Mancanza, vuoto. Solitudine. Anche in mezzo alla folla. Distacco. Oppressione. Un continuo, costante senso di assenza. E’ lì, sullo sfondo. Come la colonna sonora, suonata a basso volume, di una vita intera. Chiude lo stomaco, rallenta i passi, appesantisce il respiro. Come un fantasma senza un nome.
E’ emerso negli ultimi anni un fenomeno di cui ancora poco si parla e che, di conseguenza, un esiguo numero di persone conosce: la Sindrome del Gemello che Resta.
Si tratta di un’esperienza biologica naturale, secondo la quale molti di noi non verrebbero concepiti da soli, anche se finiscono per nascere come figli unici. Oggi la tecnologia ad ultrasuoni di cui la medicina dispone rende possibile riconoscere più facilmente una gravidanza multipla. La stima è che le gravidanze che si avviano con più embrioni siano una su dieci.

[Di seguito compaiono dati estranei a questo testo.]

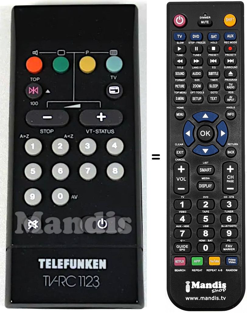 Télécommande qui remplace celle d'origine car elle possède les mêmes fonctions.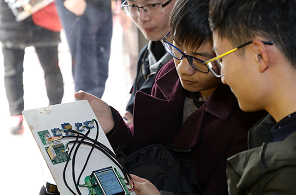 此次活动中,由江苏省计算机学会嵌入式系统与物联网专业委员会主任苏州大学计算机科学与技术学院王宜怀教授团队研发的“金葫芦”通用嵌入式计算机产品也亮相现场。由于物联网开发是软件硬件综合体,往往开发门槛高、成本大、周期长。基于此,这套产品体系犹如设计好的“葫芦”, 通过建立符合软件工程基本原理的体系,为用户提供了各类标准模块,用户只需“照葫芦画瓢”,不需要从“零”做起,而是从“六分熟”做起,达到降低窄带物联网应用开发的难度,将复杂问题简单化,为大家进行物联网开发提供坚实的基础。王宜怀教授表示,此次活动将 “整合系统”以及数据连通的过程呈现给大家,让学生通过现场编程,对信息进行采集和传输,同时通过微信平台进行获取,从而直观地感受信息传输的现代科技手段,为未来学生就业甚至创业,提供一个体验式学习的机会。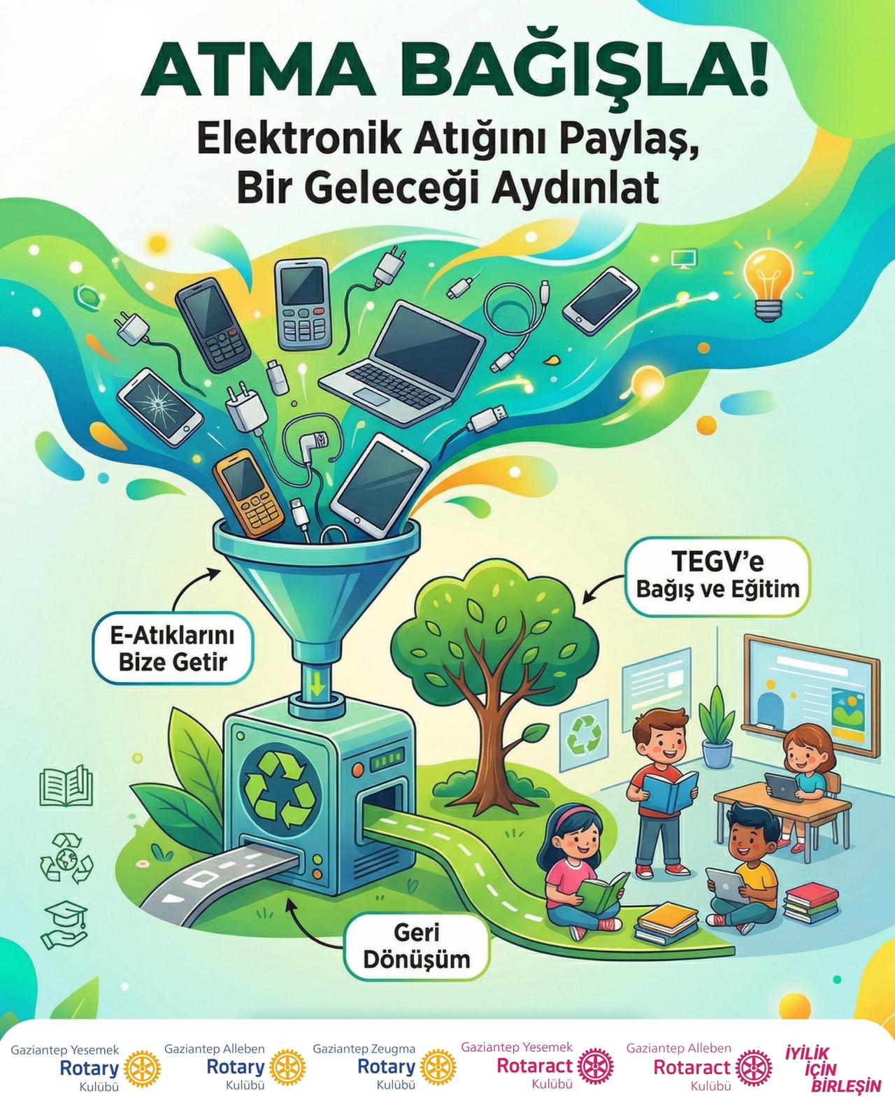 30 Mart - 9 Nisan arası elektronik atık niteliğindeki her ürünü toplayıp 10 Nisan günü Tegv kurumsal / kaynak geliştirme uzmanı Zeynep Gerçekoğlu vasıtasıyla teslim edeceğiz.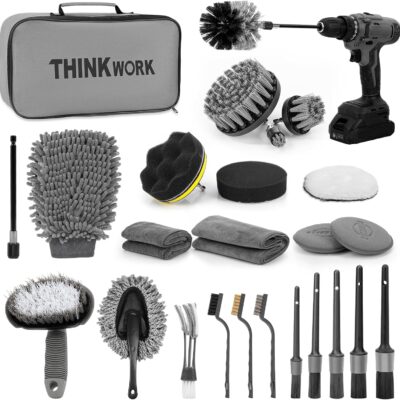 THINKWORK Car Detailing Kit, Car Detailing Brush Set, Car Cleaning Drill Brush Kit with Extension Pole, Professional Auto Detailing Supplies for Automobile Interior Exterior Wheels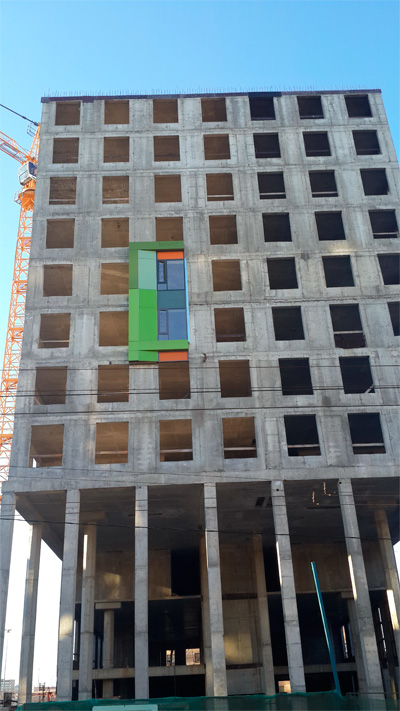 Бетонная коробка выглядет крайне ненадёжной конструкцией. Не думаю, что хлипкие колонны, поддерживающие половину коробки, спасут от разрушения.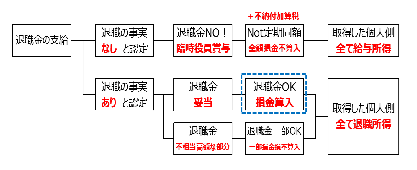 このように、退職の事実の有無と金額の妥当性によって、損金算入できる範囲が大きく変わる点がポイントとなります。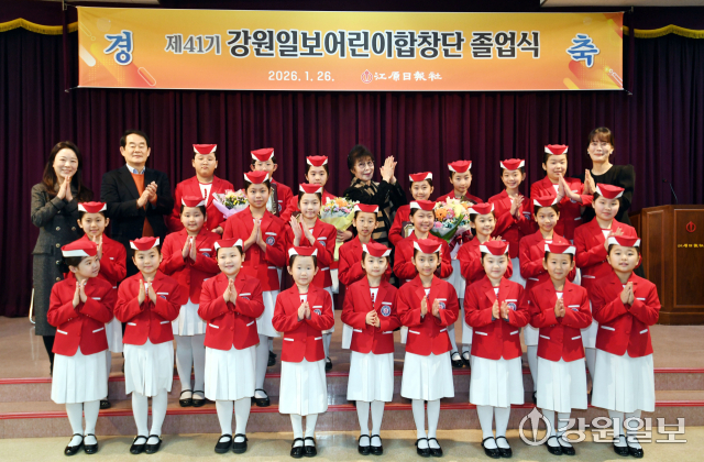 제41기 강원일보 어린이합창단 졸업식이 26일 강원일보사 대회의실에서 박진오 강원일보사장, 방영세 예술감독 및 졸업생과 단원, 학부모 등이 참석한 가운데 열렸다. 박승선기자

In questo utero particolarmente generoso, si condividono allora le prime esperienze, si apprende, ci si sfiora e persino si gioca con quel fratello che mai verrà alla luce. Proprio così, perché entro il primo trimestre qualcosa all’improvviso cambia. Gli spazi all’interno del tempio della vita che è il grembo materno si riducono e uno solo degli embrioni sopravvive.
Un sogno ricorrente. Un senso di colpa che non ha un volto, non ha un nome. E’ stato un errore, è l’unica consapevolezza. Quale? Cosa? Tracce da nascondere. E’ tutto inspiegabile. Anche il dolore. Mi sveglio di soprassalto, ogni volta. E il senso di vuoto si acuisce.
Per l’embrione che sopravvive, questa è in assoluto la prima esperienza di lutto della sua esistenza. E’ un evento che, una volta avvenuto, viene inciso nella memoria cellulare e che condizionerà sempre, attraverso quel senso ineluttabile a apparentemente insensato di abbandono e di perdita, che saranno il filo conduttore di una vita intera.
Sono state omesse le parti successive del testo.